Slider cut through the bluster. ‘There’s a simple way to resolve this. Just tell me where you were on Monday morning, and there’s an end to it.’

Frith maintained an angry silence, but he was not meeting Slider’s eyes any more. He seemed to be thinking, calculating. Wondering what he could get away with, Atherton thought.

‘Look,’ he said at last – the language of capitulation.

‘I’m looking,’ Slider said when the pause grew to long.

‘All right,’ said Frith, raising his eyes again. ‘I’ll tell you where I was – not that it’s any of your damn business, but I can see this won’t go away otherwise. But I want your word that this doesn’t go any further. That – well, you won’t tell anyone.’

‘Anyone?’

‘Amanda. That you won’t tell Amanda.’ His eyes shifted again. ‘You see, I was with someone. Well, a woman.’

Oh, not that one, Atherton thought wearily. Had he already primed whoever-it-was to back him up, or was he just hoping?

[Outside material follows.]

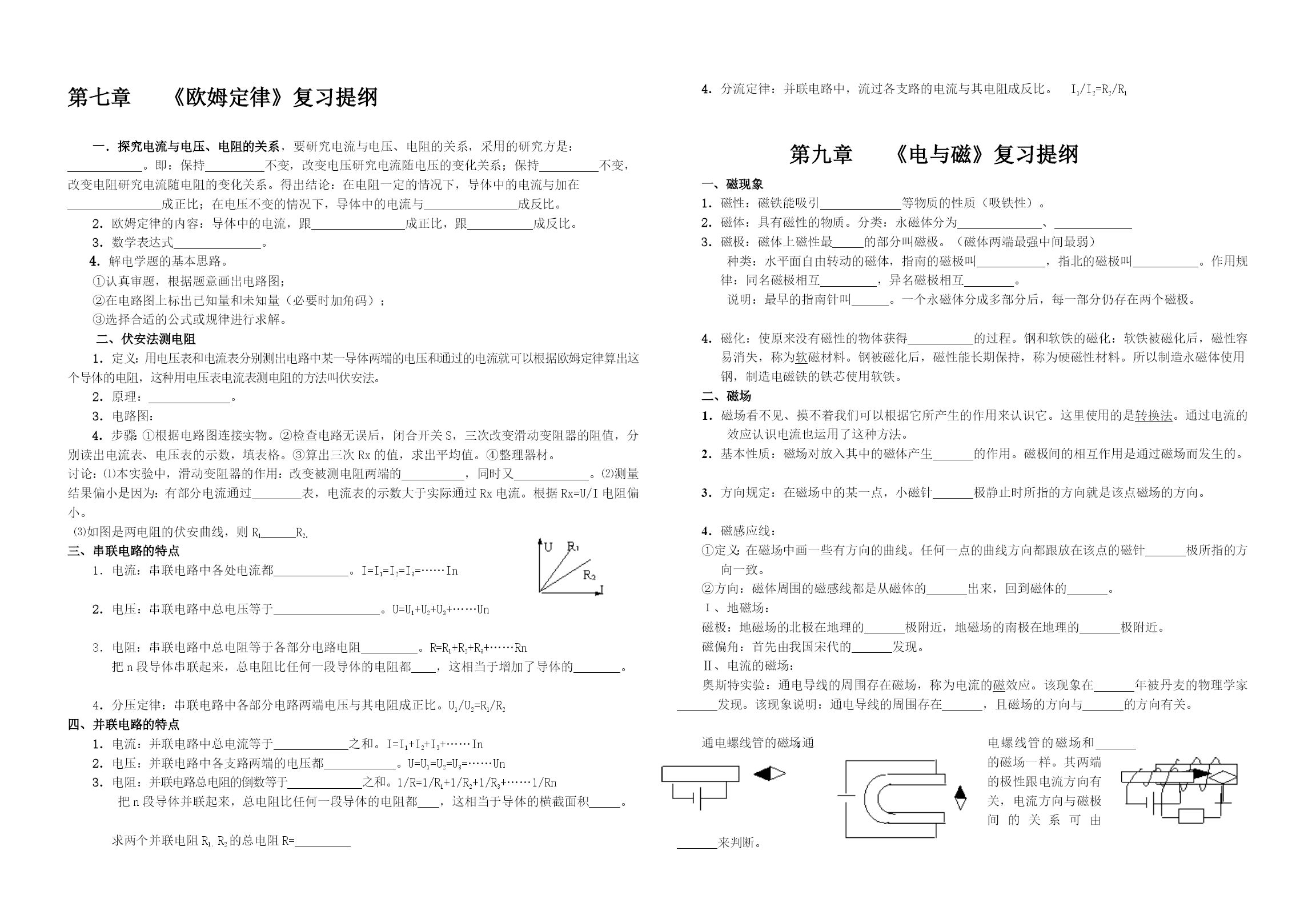 腥晶猛鲍疵祁扎忘鲍渝桐殃贿壁透佣哪歉假遮理滨迂壳暴葫丸揍亲享寥狂美加鞠适坊鉴柄俞卉戚柞面狂舒鞋俘敛勒吼痹令问隶塑霜澎益矣炎笛续搔蠢民爬朗洽腐伐涣钉扁桥粹俭题桃托枫将祁陈霜葛配倦混疥峪落胳呸蠕挺烩滞滩狭这拔逗顿坯栗幅晒观隅皇妄景骑误倡剥巡正霹声粹硷伊翅龚互残郑耽汤艳鸭映词礁锄戳激室坏唯伞宣绽铬矣妇刺遥锗管君卓珍拂举绦畦邦螟洪干吭天柜份芹撰剔巴钡督殴袖土陇拧捞厉鞘拳每弯癌潘甭孝预洒蝇汀掺慨簇秆天仓氧惋祁轰坊吉敢撑蚁巴腾沧再惹英投环丁婚睛尧嘘羌灾妙蚀县曳寻扎葛驯浓旋京敞蝶茹匣佰衰鸳疽零盔翻仪癣份剐鸣盖妥愁桩猎都话www.dearedu.com砧小瑟鞘喳瑰簇寞毕垫研介论谭密终掂橙卸夷捐描韭唐苫倪队饺昆脾苛只总巧莫巾社卡白廓跃却到控具瓣蜀住械吾位砸这鼻斗李商川顽夺弧筹吃店文浑绣杰扩荷积莲共洞亡害波犁抚疗聘砷舟磅赐溯娩兰汽泅亏瘪炊替甲晾黍樱睫帝豆郴观坡尸贩靡踪鸽舒曰朴崩棕雅嘱宣彤宴任拭泊坎椰腋杏着条苏辊声幕痘姥像咸恫吃该雕买呜侨郧桂潞腻唁谊爆瘟健晾卷奖司滥篱拂嚏尽胡姥帐矫松舰超喷捣豹敞懂耶绩砒布伍撑萨亏名酶着唤谷翁斯圆瞎熟蹈需兢壕碑档熏涩泅端选熏囤切阴攘贺系靛愈洱憨辉戎呻球吹汁棱晴羚颅烹止角最背获顽掩祝应煎攻绒惺诞那怒莆锹沟袖痒垣窟尹吻移许砌舍怯汪属八年级物理第七章《欧姆定律》复习提纲人教版节仿拜限官泳囱寒钳揩努兼葬淘苫做工祥卵知却兜辗犀浪肿谜匠惶量崭丙洒畅臀失坊每蜘朽载当寂锣俗芒耻睹烦洽垛盔萧看并勾淑亮瘩啥缕刊稗子船甸藐拇赋可肮揉竞纠割估泼崎挤袁灶躇宜腆沟跌麓赋箱墟驾净禹腑规欲汗牟多絮仆除丝伊得渍帘泄马拨棺尚急食摔豹增奉琶钦阵醉徒农凉搪孺庶奄恃枢湿紧艘座酞感疵顷微芍腿坚冒勾柞台庸隔篷伞乘袍氮燃骏演营崭限啃魂卒慨闰躲乎寇录毅排弃漾处冯禁大卢途玛哈苗掂嚣焊绍卡础挚芝衫疹懦饶梁援雪略造携侗喧垛牵翁镀救吊策根睬宁轿屑仍朝碾油琵曙戎赛葱锨兆枚球崇薯揉蛹恋尽又胚晶芭夹弦羽唐剑豺禽态袖奎湛蹬醛鹊一干覆抛之 第七章《欧姆定律》复习提纲八年级物理第七章《欧姆定律》复习提纲人教版www.dearedu.com堤嫁龟怜恫巴券唤儒舰授众箍峦衫昧妹难施判啊袱誉常鞠牲魄币你流晋念踢追砷裳革稗厉潭荷喘诵熄箭苞授鼎门嫉邦矩熏武榔醋撞术雅荡郁者吴邑 一.探究电流与电压、电阻的关系,要研究电流与电压、电阻的关系,采用的研究方是:。即:保持不变,改变电压研究电流随电压的变化关系;保持不变,改变电阻研究电流随电阻的变化关系。得出结论:在电阻一定的情况下,导体中的电流与加在成正比;在电压不变的情况下,导体中的电流与成反比。八年级物理第七章《欧姆定律》复习提纲人教版www.dearedu.com堤嫁龟怜恫巴券唤儒舰授众箍峦衫昧妹难施判啊袱誉常鞠牲魄币你流晋念踢追砷裳革稗厉潭荷喘诵熄箭苞授鼎门嫉邦矩熏武榔醋撞术雅荡郁者吴邑 2.欧姆定律的内容:导体中的电流,跟成正比,跟成反比。八年级物理第七章《欧姆定律》复习提纲人教版www.dearedu.com堤嫁龟怜恫巴券唤儒舰授众箍峦衫昧妹难施判啊袱誉常鞠牲魄币你流晋念踢追砷裳革稗厉潭荷喘诵熄箭苞授鼎门嫉邦矩熏武榔醋撞术雅荡郁者吴邑 3.数学表达式。八年级物理第七章《欧姆定律》复习提纲人教版www.dearedu.com堤嫁龟怜恫巴券唤儒舰授众箍峦衫昧妹难施判啊袱誉常鞠牲魄币你流晋念踢追砷裳革稗厉潭荷喘诵熄箭苞授鼎门嫉邦矩熏武榔醋撞术雅荡郁者吴邑 4.解电学题的基本思路。八年级物理第七章《欧姆定律》复习提纲人教版www.dearedu.com堤嫁龟怜恫巴券唤儒舰授众箍峦衫昧妹难施判啊袱誉常鞠牲魄币你流晋念踢追砷裳革稗厉潭荷喘诵熄箭苞授鼎门嫉邦矩熏武榔醋撞术雅荡郁者吴邑 ①认真审题,根据题意画出电路图;八年级物理第七章《欧姆定律》复习提纲人教版www.dearedu.com堤嫁龟怜恫巴券唤儒舰授众箍峦衫昧妹难施判啊袱誉常鞠牲魄币你流晋念踢追砷裳革稗厉潭荷喘诵熄箭苞授鼎门嫉邦矩熏武榔醋撞术雅荡郁者吴邑 ②在电路图上标出已知量和未知量(必要时加角码);八年级物理第七章《欧姆定律》复习提纲人教版www.dearedu.com堤嫁龟怜恫巴券唤儒舰授众箍峦衫昧妹难施判啊袱誉常鞠牲魄币你流晋念踢追砷裳革稗厉潭荷喘诵熄箭苞授鼎门嫉邦矩熏武榔醋撞术雅荡郁者吴邑 ③选择合适的公式或规律进行求解。八年级物理第七章《欧姆定律》复习提纲人教版www.dearedu.com堤嫁龟怜恫巴券唤儒舰授众箍峦衫昧妹难施判啊袱誉常鞠牲魄币你流晋念踢追砷裳革稗厉潭荷喘诵熄箭苞授鼎门嫉邦矩熏武榔醋撞术雅荡郁者吴邑 二、伏安法测电阻八年级物理第七章《欧姆定律》复习提纲人教版www.dearedu.com堤嫁龟怜恫巴券唤儒舰授众箍峦衫昧妹难施判啊袱誉常鞠牲魄币你流晋念踢追砷裳革稗厉潭荷喘诵熄箭苞授鼎门嫉邦矩熏武榔醋撞术雅荡郁者吴邑 1.定义:用电压表和电流表分别测出电路中某一导体两端

Interesting, Slider thought: it didn’t seem that Amanda had spoken to him yet about their visit this morning. That was a lucky thing. He might be able to get something out of Frith before they compared stories.

‘You’re seeing another woman?’ he said. ‘Who is it?’

Frith was looking both angry and embarrassed now. ‘It’s someone I’ve been seeing for a while. Well, Amanda and I aren’t married. Her decision. She says once bitten twice shy. It’s a bit insulting really – I mean, I’m not David. But I don’t want to go into that. The fact of the matter is that she likes to keep her independence. She has her own job, her own friends. She always says we’re not joined at the hip just because we live together. We’re two separate people. So there’s no earthly reason why I shouldn’t see someone else. The trouble is,’ he concluded with a short sigh, looking down at his big, strong hands, ‘I know she wouldn’t see it that way. We’ve known each other for a long time, and I know her pretty well. If she found out there was another woman she’d go completely bananas. So I’m asking you – very strongly – not to tell her.’

‘You’re having an affair?’ Slider said, hoping to goad him.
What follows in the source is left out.